Finally, PCIe specifies the use of Message-Signalled Interrupts (MSIs) instead of physical interrupt lines. MSI-capable devices post a memory write to the CPU using a specific address, determined by the system during the PCIe tree enumeration. The CPU raises a interrupt specified by the contents of the write. MSI-X is an extension to MSI which supports more than a single address. This is allows targetting a specific CPU on multi-core systems.

#### 3.2 Interconnected PCIe fabrics using NTBs

Devices are normally only capable of being part of a single PCIe fabric (root complex) at the time. As each system will enumerate their own PCIe tree and reserve BARs independently, different PCIe root complexes





Figure 5: By mapping a remote device's memory over an NTB, a local CPU may read from and write to it. Likewise, local system memory can be mapped for the remote device, allowing it to access local memory using DMA.

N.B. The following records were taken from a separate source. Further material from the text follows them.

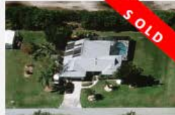
1105 54th Ave., Vero Beach
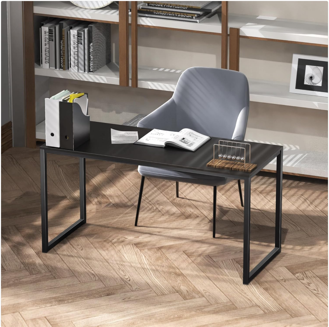
Image 5.2: The desk integrated into a contemporary home office environment.
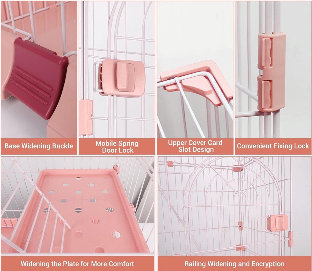
Image: Detailed views of the cage's locking mechanisms, buckles, and platform design, aiding in correct assembly and understanding of features.
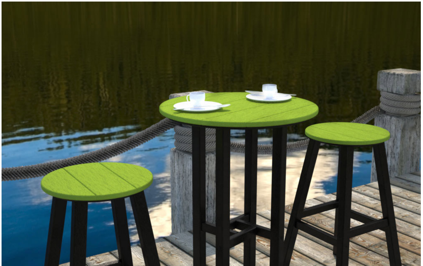
BAR124 - Dual-Color Counter Ht Stool [14 lbs]
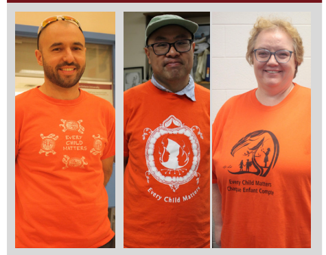
ACCI HOODY SALES
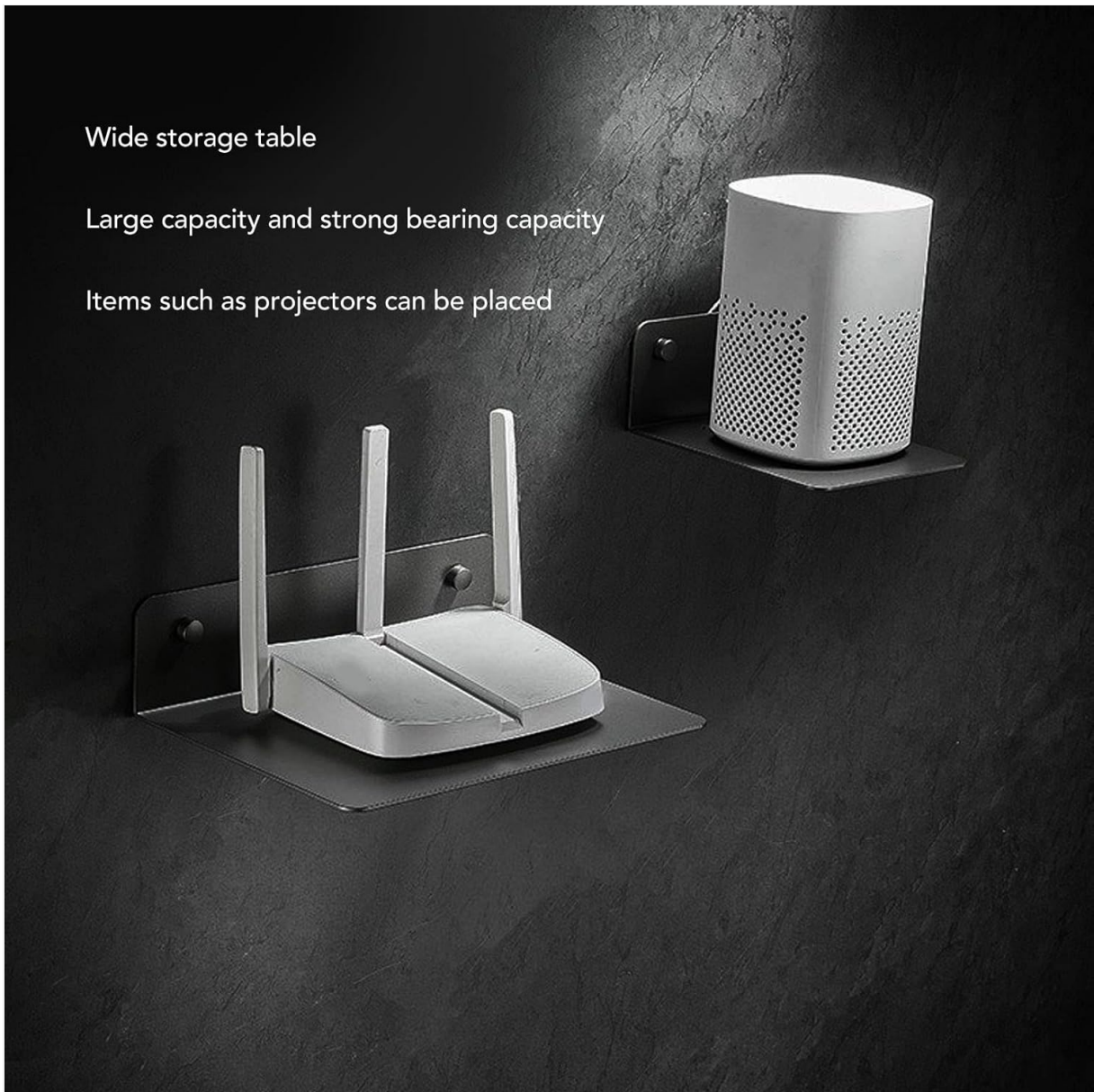
Image: Two Yuecoom Floating Wall Shelves installed, demonstrating use for a router and a smart speaker.
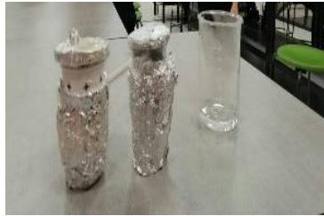
Figure 2. Sample products from the STEM activities

In the research process, students needed scientific knowledge to accomplish each design. In order to reach this scientific knowledge, they conducted experiments, collected data and made conclusions by operating an inquiry process. They also had to use basic mathematical skills such as calculating, measuring, matching, and calculating. Additionally, they offered solutions with the scientific results they obtained. They evaluated the proposed solutions as a group and evaluated them in the context of the criteria and limitations of their designs. In the last stage, students presented their designs and the process of creating this design to their classmates. Some of the STEM group activities of the 10-week implementation period of the research are given in Table 1.
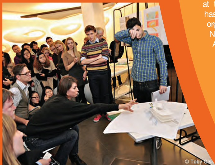
Student Design Charrette
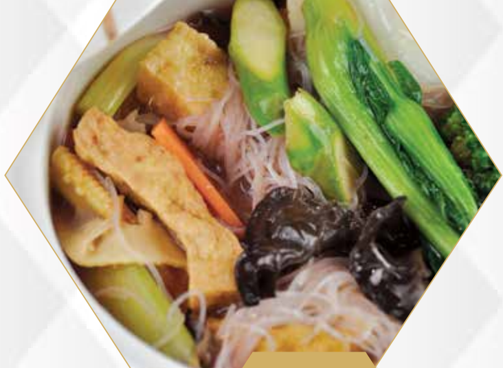
1371 羅漢齋煲 'Shaolin Monks' Vegetables served in Clay Pot £16.80
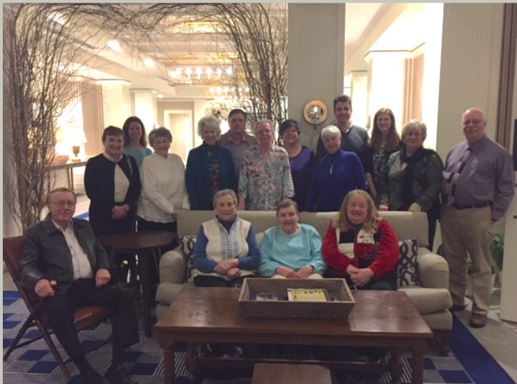
Leadership Group 2017
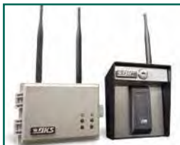
wireless expansion up to 48 entry points
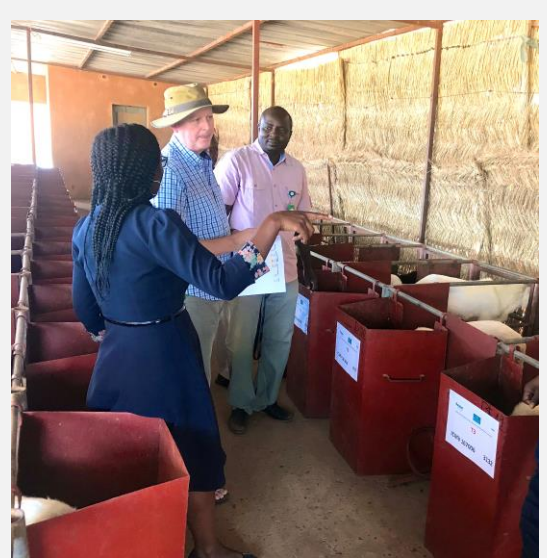
Picture 2. Feeding experiment of sheep fed with stover of different millet varieties
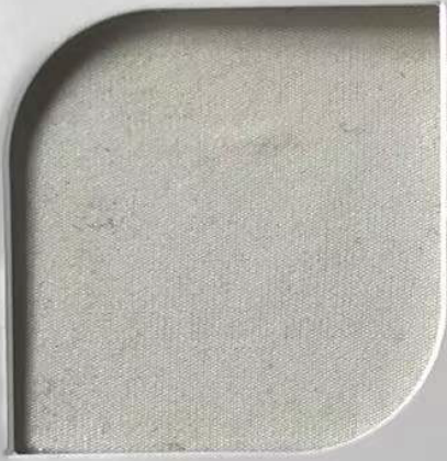
1#本白 off white
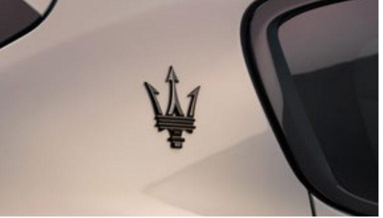
Trident logo on C-pillar
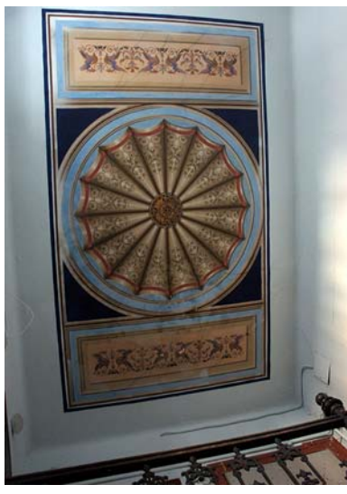
Fig. 7. Early Historicism buildings with al secco paintings in New Empire Style. The ceilings of the upper store of the staircase (Malaniuka Sq., 5 Levytskoho Str.).
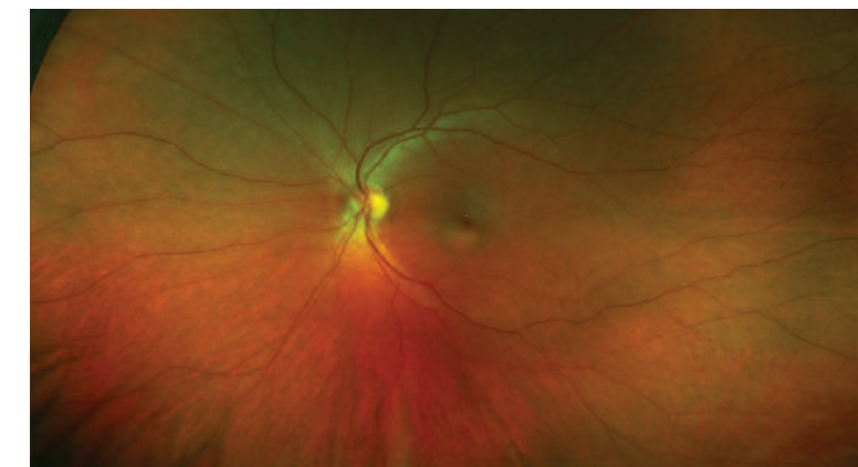
optomap ultra-wide digital retinal image of a healthy eye
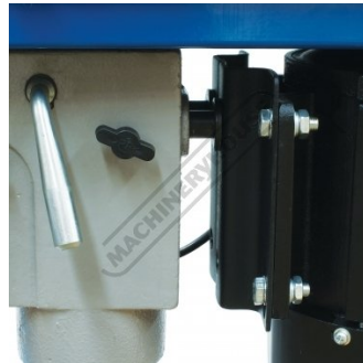
Belt Tension Lever and Lock
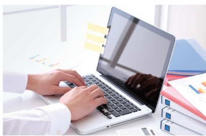
High-speed Wireless Internet
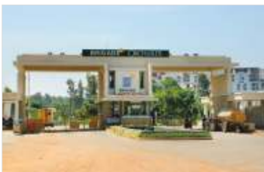
Brigade North Entry
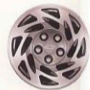
Optional 15" cast-aluminum wheels with locks
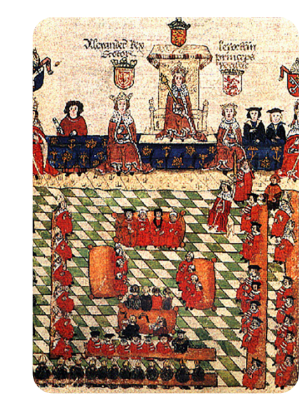
Edward I and the Model Parliament

The power of the monarchy has changed over time. In the past, some monarchs had absolute power. This meant that they could do whatever they wanted. Today, there is a constitutional monarchy. This means that the monarch is controlled by parliament and the government.
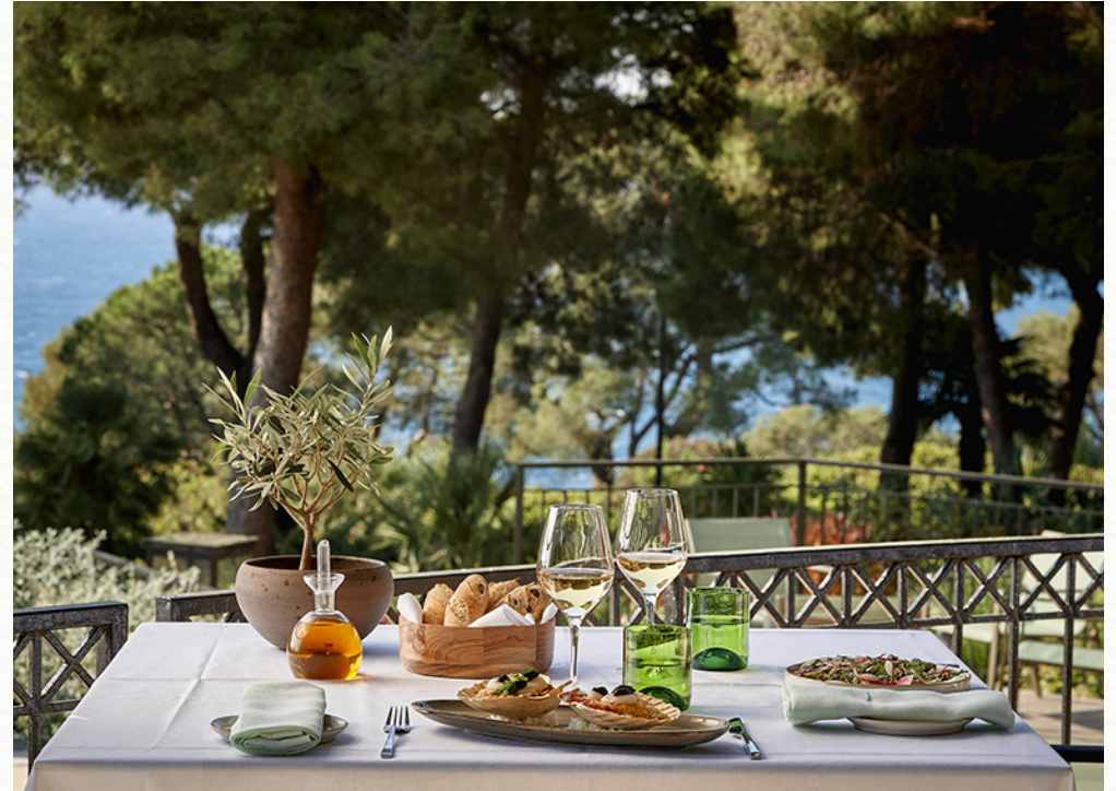
Enjoy our butler service and privileged access to all hotel services.

will have separate address space layouts.

Non-Transparent Bridges (NTBs) are a widely adopted solution for interconnecting independent PCIe device trees [7, 10, 11, 12]. An NTB appear to a system as a regular endpoint, having one or more BARs that are reserved and mapped by the system during the PCIe device tree enumeration (also illustrated in Figure 4). As these memory ranges appear the system as any other memory-mapped device memory region, a local CPU can read and write to them. The difference from other endpoints, however, is that these ranges are not actually backed by memory. Instead, when accessing this address range, the NTB will forward transactions from one side to the other, translating addresses in the process.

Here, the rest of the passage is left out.